They are looking great.  Hygrozyme is probably the answer.  I have used it since it came out and the results are spectacular.  Keep using it even though it is expensive it is worth every penny in the end


----------



## allgrownup (Feb 8, 2008)

Nothing yet Shuggy....

will keep ya posted.  i'm starting to worry.....1 WW started showing a while ago.


man i hate it when you have all the lights off and then you stare in your grow cab for while and then you close it.....and then you run into crap and step on stuff, etc......see spots,  its as close to blind i hope i ever get.

i need to clean up my work areas


----------



## Hick (Feb 8, 2008)

allgrownup said:
			
		

> Put them to flower yesterday.  Only have one confirmed plant.
> 
> WW = Lady
> 
> other 3 ???


I'm 'guessing'.. pic 2=male,
 pic 3= _ FEM'_ ..


----------



## allgrownup (Feb 8, 2008)

Pic 2 is a WWxNB


i'm hoping to confirm in the next few days.  Gunna change to the 1kW tonite if i get some time.

i'll keep ya posted peeps

thanks Hick


----------



## allgrownup (Feb 11, 2008)

Nothing new and noticealbe besides growth.  :holysheep:


still only one confirmed girl.  patients is not my strongest attribute


----------



## THE BROTHER'S GRUNT (Feb 11, 2008)

*Whats up AGU. I see everything is looking great as always.
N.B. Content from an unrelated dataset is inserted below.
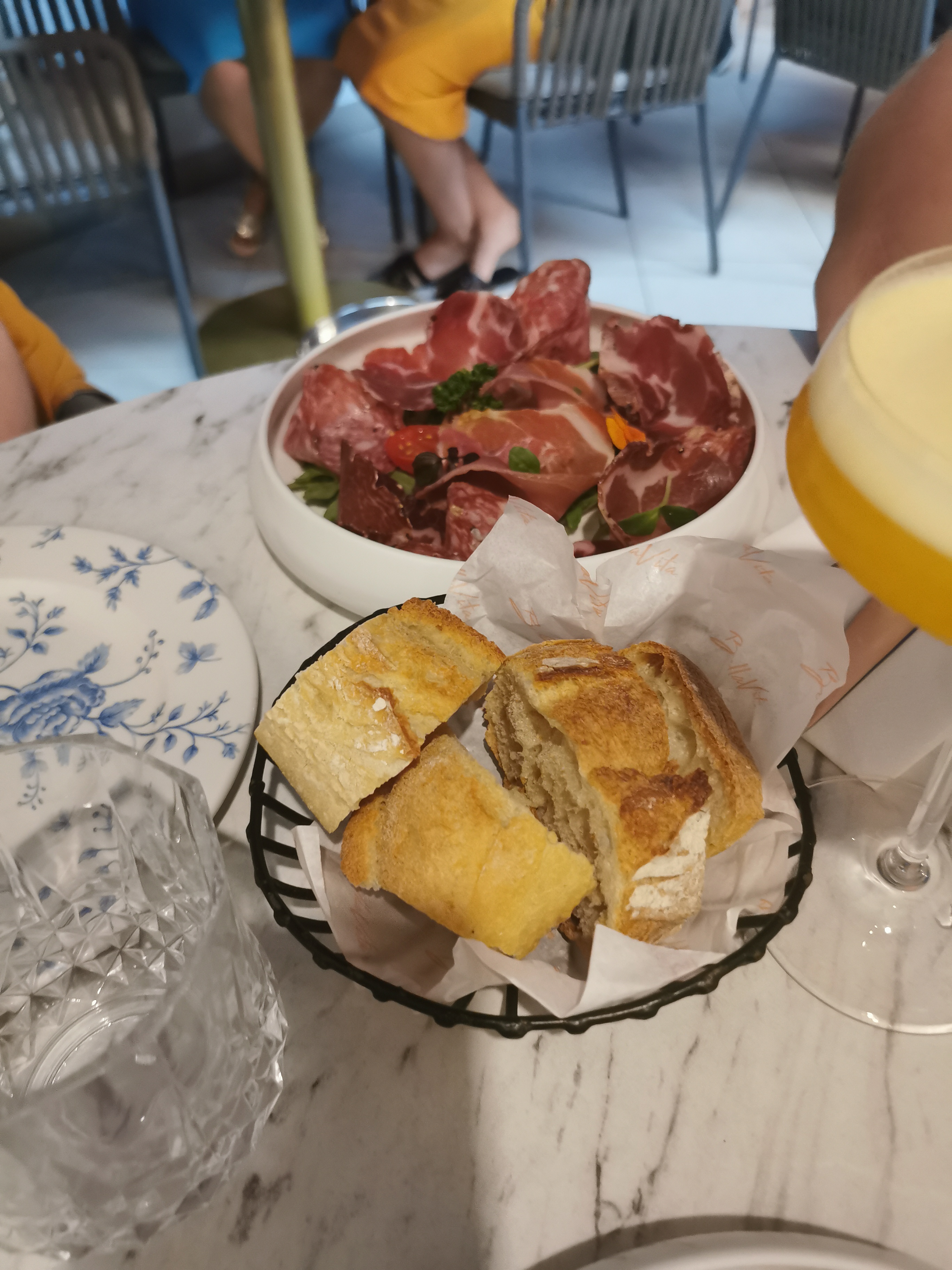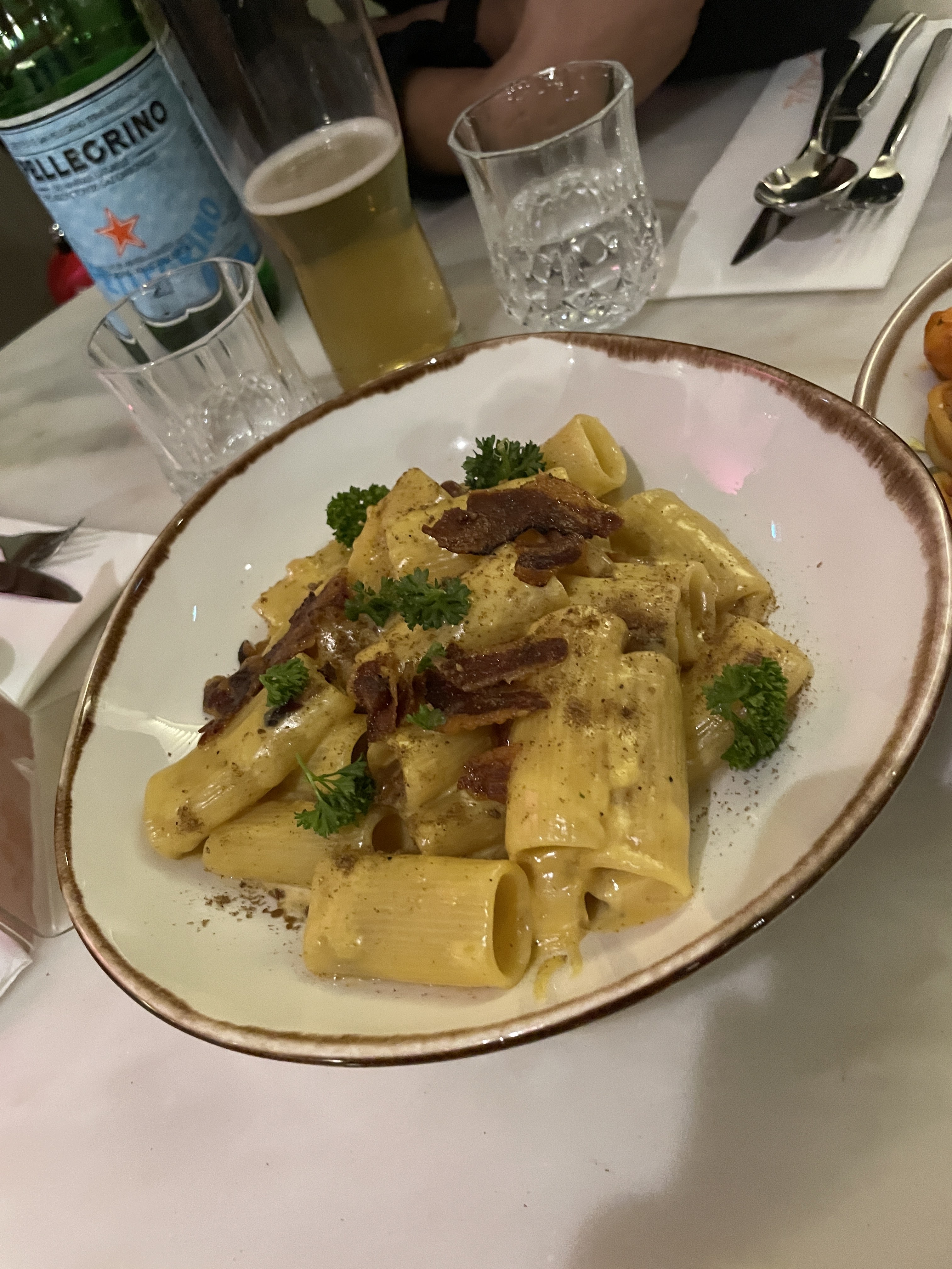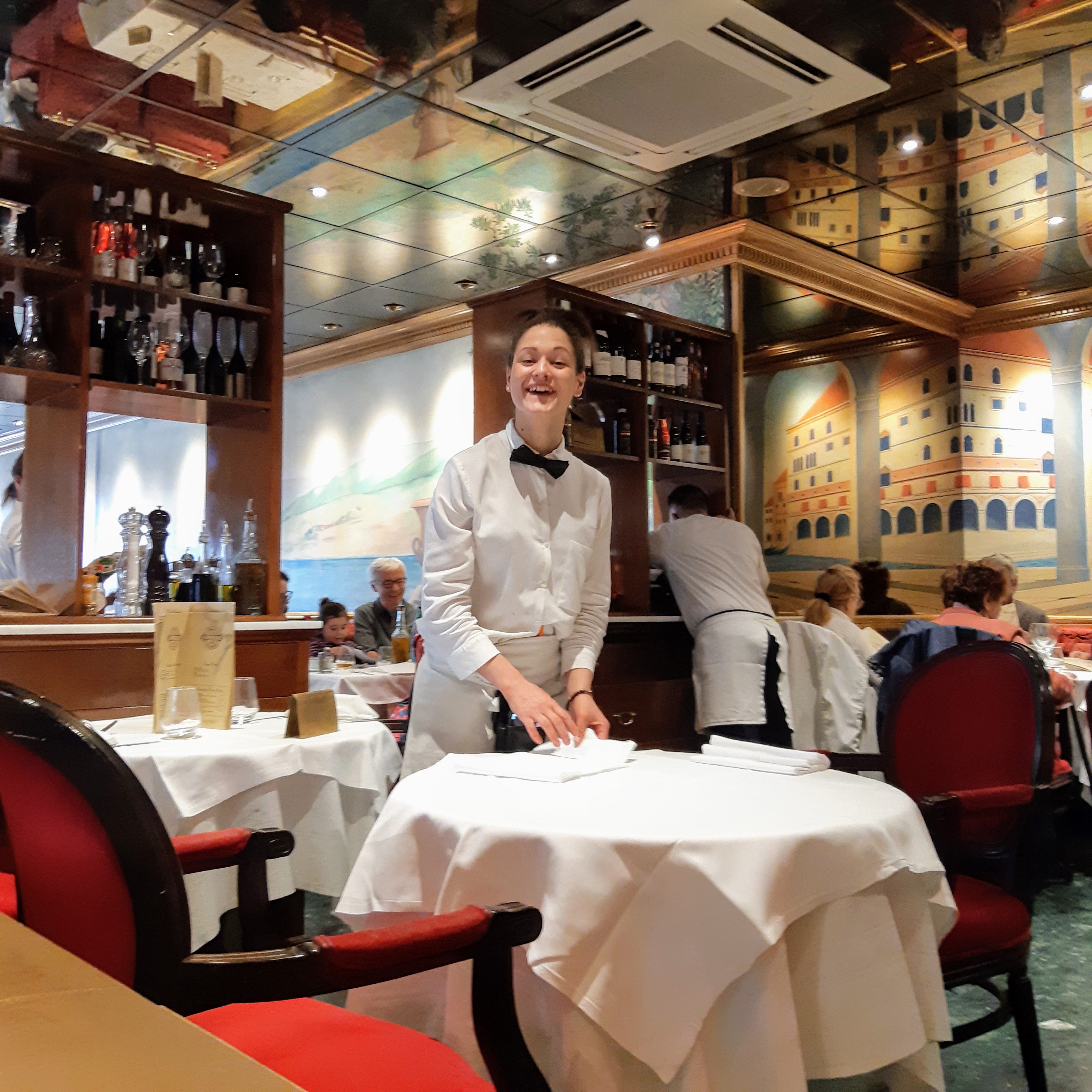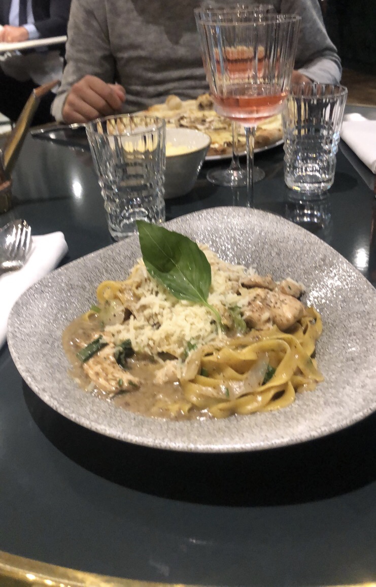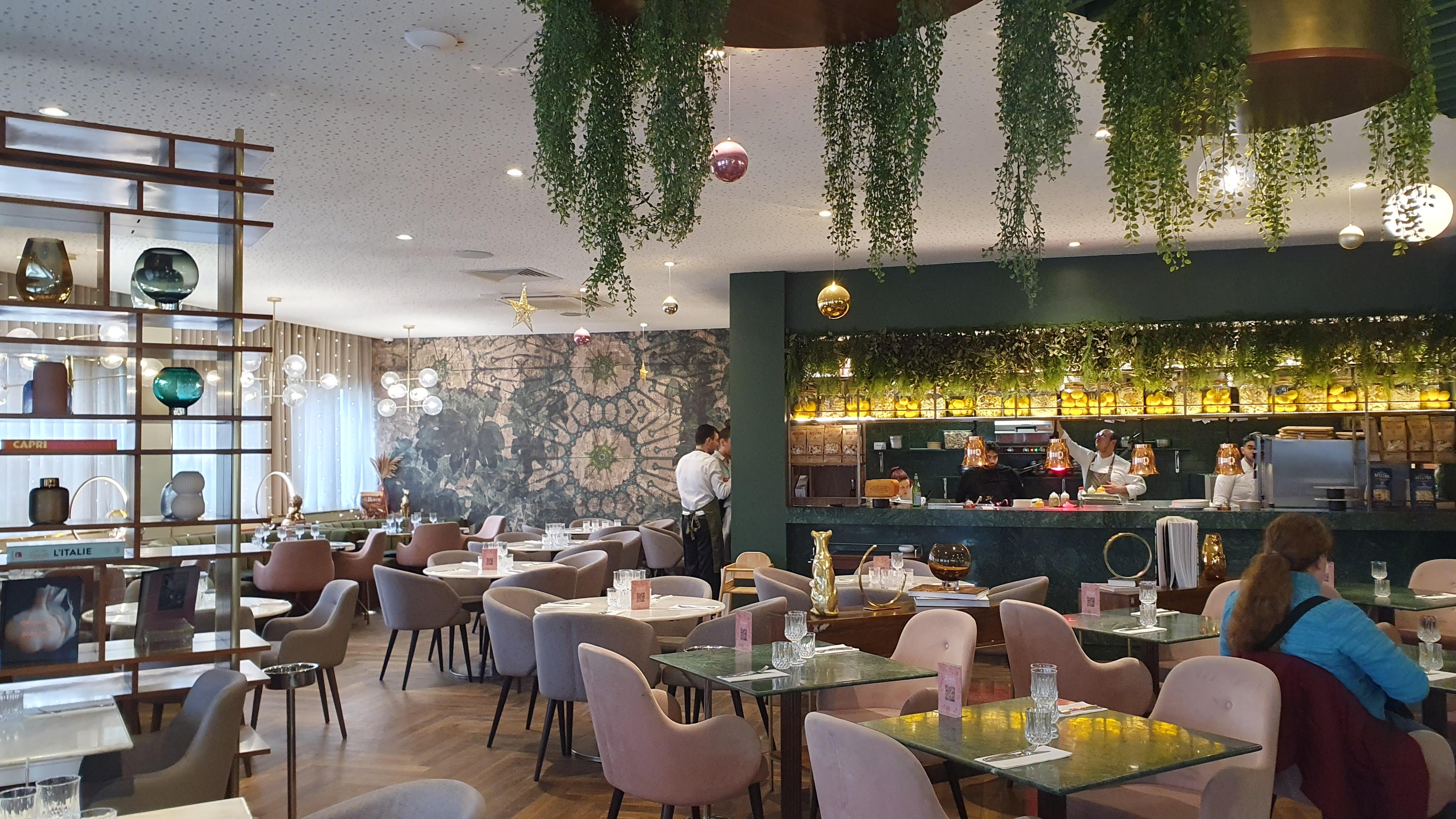 J'y suis allé pour la première fois avec des copines, un samedi midi. Il y a avais du monde sans bruit, le restaurant est calme, chic. Il est très très beau à l'intérieur. J'aime le côté italien du début à la fin, la carte est italienne-francaise, les serveurs parlent francais avec un fort accent italien, on se sent vraiment voyagé. La cuisine est excellente, le rosé italien est aussi très bon.

How old are they? *


----------



## allgrownup (Feb 12, 2008)

All that comes to mind is.............

"One.....is the lonly'est number...............


----------



## sportcardiva (Feb 12, 2008)

at least you got one female. hopefully next time you get more females


----------



## THE BROTHER'S GRUNT (Feb 12, 2008)

*AGU any other female signs yet? *


----------



## allgrownup (Feb 12, 2008)

it was a bad scene........


----------



## allgrownup (Feb 12, 2008)

but i took care of it


its hard to do i know............but i felt betray'd


----------



## allgrownup (Feb 12, 2008)

don't feel sorry for me.......


i have a plan.


----------



## THE BROTHER'S GRUNT (Feb 12, 2008)

*Damn AGU that blows.  This is why we always start 10 beans no matter what.   You plan on starting any more Stoneybuds? *


----------



## allgrownup (Feb 12, 2008)

i have faith it will pull me through.






I took this BBWW and thinned her waist line a bit


----------



## allgrownup (Feb 12, 2008)

She's reveggn under the hps.  the clones will be rooted in 7-10 and vegged for 1-2 more.  i'll give that WW mother a week or so to recover from stress. and then put her here.


----------



## allgrownup (Feb 12, 2008)

Kindof a shame....those were some healthy plants mang

i gotta keep my grow small for the time being though.  not for much longer though  :hubba:



check this out and this was a pretty young plant


----------



## THE BROTHER'S GRUNT (Feb 12, 2008)

*I guess so AGU.   Well i hope next time you grow them you get a few females.  *


			
				allgrownup said:
			
		

> Kindof a shame....those were some healthy plants mang
> 
> i gotta keep my grow small for the time being though. not for much longer though :hubba:
> 
> ...


----------



## allgrownup (Feb 12, 2008)

I will be growin out the rest of em after this one's cropped and i'm (fingers crossed) in my new grow room.  as in not a cab lol!


----------



## THE BROTHER'S GRUNT (Feb 12, 2008)

*Cool mang.  I hope the GREEN MOJO GODS give you nothing but females next time around. :aok: *


----------



## allgrownup (Feb 12, 2008)

I have no doubts man.....and i cant wait.


----------



## allgrownup (Feb 17, 2008)

id on't want to hex this but......... the clones look mighty dandy  :hubba:


had a little oops.....i was conducting an experiment of cloning comparison....and as you can see, they drink more water than you think.  i starved these to death.  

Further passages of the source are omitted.